Mithran is spot on as usual. The RNG behavior is actually changed my play style and I’ve found the cascades quite exploitable. I rarely take a four match anymore.
I had a good laugh as I was re-reading your comments before bed.
This part had me busting. I cannot count the number of times I said to myself watching FT get ready… “Oh I’m totally safe there’s only 4 Greens on the board”… only to find myself dead 30 seconds later and grabbing the calculator to work out the odds of every single gem clumping together in a nearly perfect square + 1
I mean I’m exaggerating for effect but as Kurt Angle would say “Oh it’s true - it’s damn true!”
It was just to show how things can work for both sides. I’m fully aware of the builds that cause particular problems and of using different troops but I was using a particular team and was trying it against everything to see how it faired. I also struggle to notice things with the new ui, it’s just such a poorly conceived mess and visually, well… It’s just not fit for purpose.

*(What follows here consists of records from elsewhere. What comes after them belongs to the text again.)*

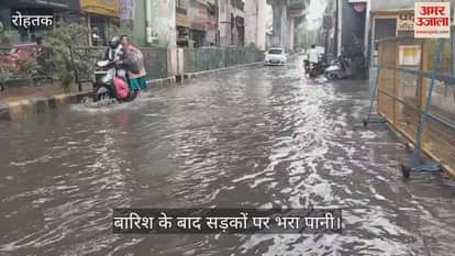 रोहतक में हुई बारिश से जहां लोगों को गर्मी से राहत मिली तो वहीं बारिश के बाद सड़कों पर पानी भर गया। सड़कों पर पानी भरने से वाहन चालकों को काफी दिक्कतों का सामना करना पड़ा। शनिवार दोपहर को हुई बारिश के बाद रोहतक की सड़कों पर यह नजारा देखने को मिला।
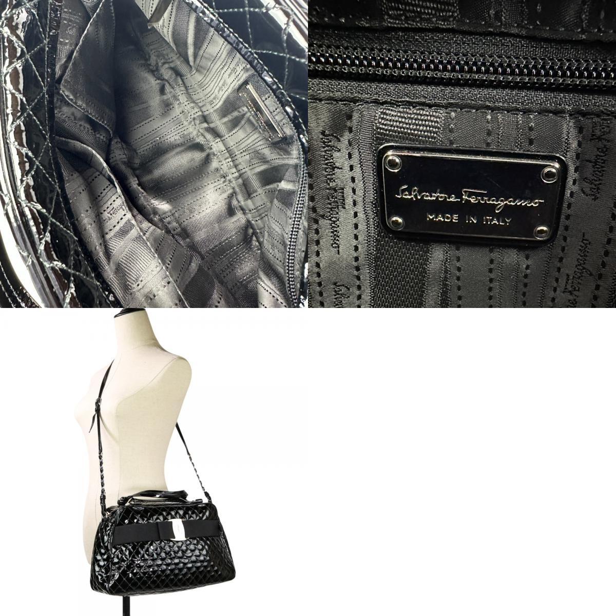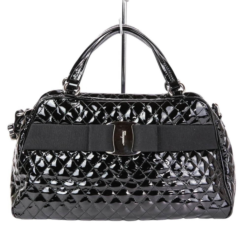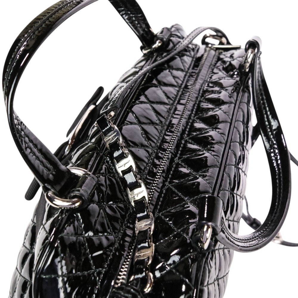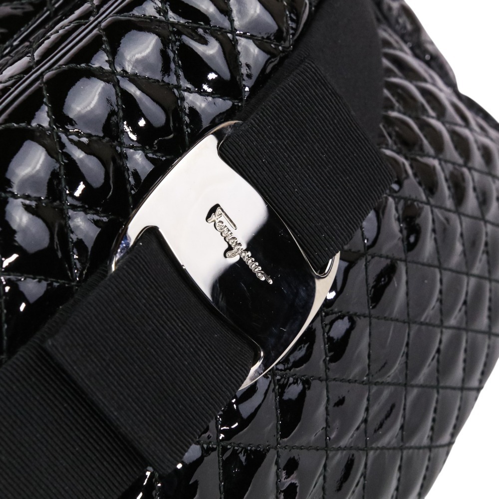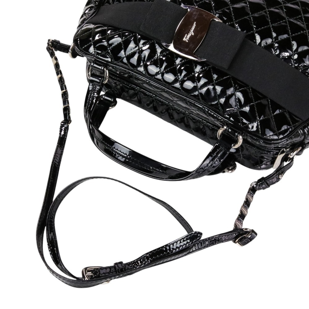 美品 Salvatore Ferragamo サルヴァトーレフェラガモ ヴァラリボン キルティング パテント 2wayショルダーバッグ ブラック
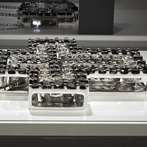 モチーフ全体に敷き詰められたブラックダイヤモンドとダイヤモンドが織りなすモノトーンの輝きは、力強さと上品さを兼ね備え、胸元に凛とした印象を与えてくれます。
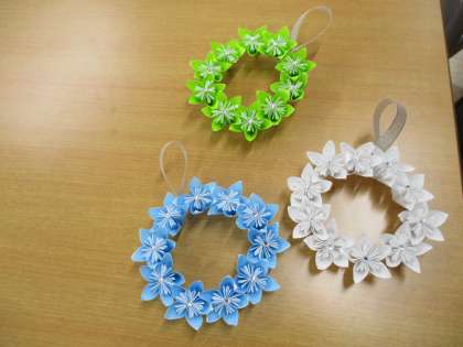 生徒が手作りしてくれたクリスマスリースです。細かい作業の素敵なリースがクリスマスムードを高めています。ありがとう。
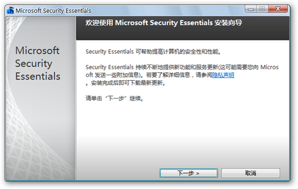 MSE會啟動安裝程序(還是英文版安裝界面,這里一步步指導(dǎo)),第一個(gè)安裝界面上的文字告訴我們MSE的作用,大意是能夠幫助提升你的電腦安全性能,點(diǎn)擊“Next(下一步)”按鈕繼續(xù)。

Honestly the UI is so awful I just don’t know what to say any more.
I would love to be hired on as a consultant. My analysis and report on the current UI would be probably 40-60 pages long, and I cannot imagine a conclusion which would come to anything other than compete teardown/rebuild. The metaphor needs to be completely reworked and it has to stop looking and behaving like a skinned Enterprise application. But the time for feedback is over, since they didn’t even show it to us until the opportunity to change it was long gone. We have to live with this piece of shit.
And I know there is a lot of confusion about what a UI is. It is a User Inferface and it is NOT the graphics despite what other people say, although what graphics are skinned on after are VERY important. I spent 20 years making professional games so I guess I might know. A UI is how a user interfaces with the program and vice versa. How information is grouped and presented, how inputs are collected and processed, how tasks are structured, how outputs are presented. How accessibility issues are anticipated and therefore prevented. How happy paths are presented to achieve the most common interaction chains. Oh god I could go on, but I’m not going to because I’m not getting paid for this. The UI is a disaster in almost every single area.

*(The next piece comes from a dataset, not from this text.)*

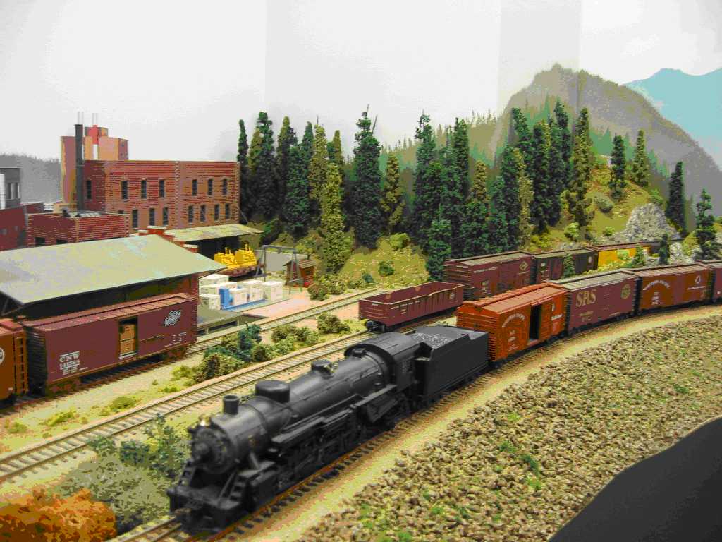 S Scale Monon Railroad that fills the basement. Super layout. Excellent Midwestern scenery with hills and streams sets a beautiful backdrop for steam and diesel operations. DCC power with sound.

It’s vogue now to call it “UX” for “User eXperience”. That helps highlight it’s not just looking pretty, but careful thought around your workflows and user interactions. More people get the sense of that, “UI” sort of got appropriated to mean “graphical presentation”.
It feels like for every first turn I take, the AI does one that just cascades into having its team fully on Mana before I can get to my second turn. And if it doesn’t cascade anymore, then 4 gems lay in a way that it can just do that, and continue the cascading pattern.

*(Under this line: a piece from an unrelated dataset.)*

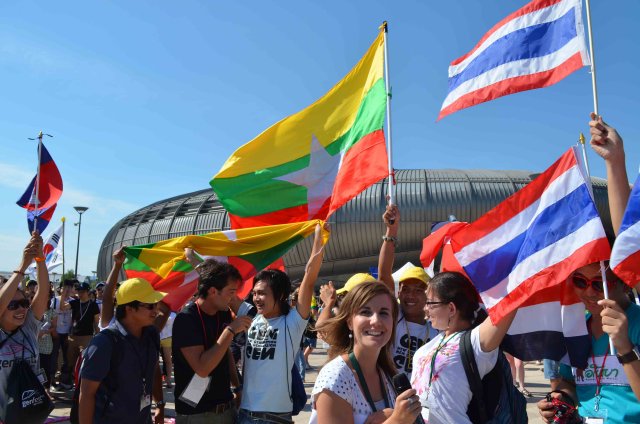 Start up, si comincia. Il Genfest parte dai giardini del Palasport Arena di Budapest come un meeting dei popoli. Manolo Martini, noto conduttore televisivo annoda le danze, gli incontri, le performance improvvisate che si susseguono in tutti gli angoli all’esterno dell’arena. Alcuni stand raccontano la storia e le tradizioni dei Paesi dell’est e del Centro-Europa: ci si conosce, ci si incontra, si degustano cibi mai visti o tradizionale . Essere qui significa allargare la nostra mente sul mondo. Ciascuno arriva con un pensiero, una cultura di cui è geloso. Scambiarci con semplicità le bandiere, le foto, le impressioni non ci estranea da quanto accade fuori, anzi fa entrare dentro di noi un pezzo di mondo, che fino a qualche ora fà era solo un disegno sulla mappa, solo una nozione imparata a scuola. Ora è anche un volto e una storia, così Patrizia dal Brasile, per la prima volta in Europa e per la prima volta a questo meeting. Stasera il concerto augurale vedrà la presenza del sindaco di Budapest István Tarlós e del cardinale Péter Erdő. Si esibiranno dieci band da varie nazioni con pezzi inediti. Interessante l’esperienza del complesso burundese: ai componenti è stato rifiutato il visto, ma la cantante ha messo insieme un coro direttamente a Budapest e la canzone sarà eseguita ugualmente.

Also, isn’t it weird how sometimes 3 of a color fall in succession? Instantly continuing the pattern?
Because everyone has different tolerances for random volatility, and everyone has different hyperbolics. Where others have, “No drops go my way and the CPU gets mega chains, grrr CHEATING,” you have, “This clearly-OP troop just gained 1 mana cost and lost 5% Devour chance, tier!”
Mine are about the existential horror that is living inside the new UI, but I’m keeping it to myself now and just playing a lot less than I used to.
Some people remember bad things better and these are the majority of human beings while minority forgets bad things right away and only remembers good things. In the place where I come from, we call the latter “happy fools”. Sorry, did not mean to troll, it is intended as a joke.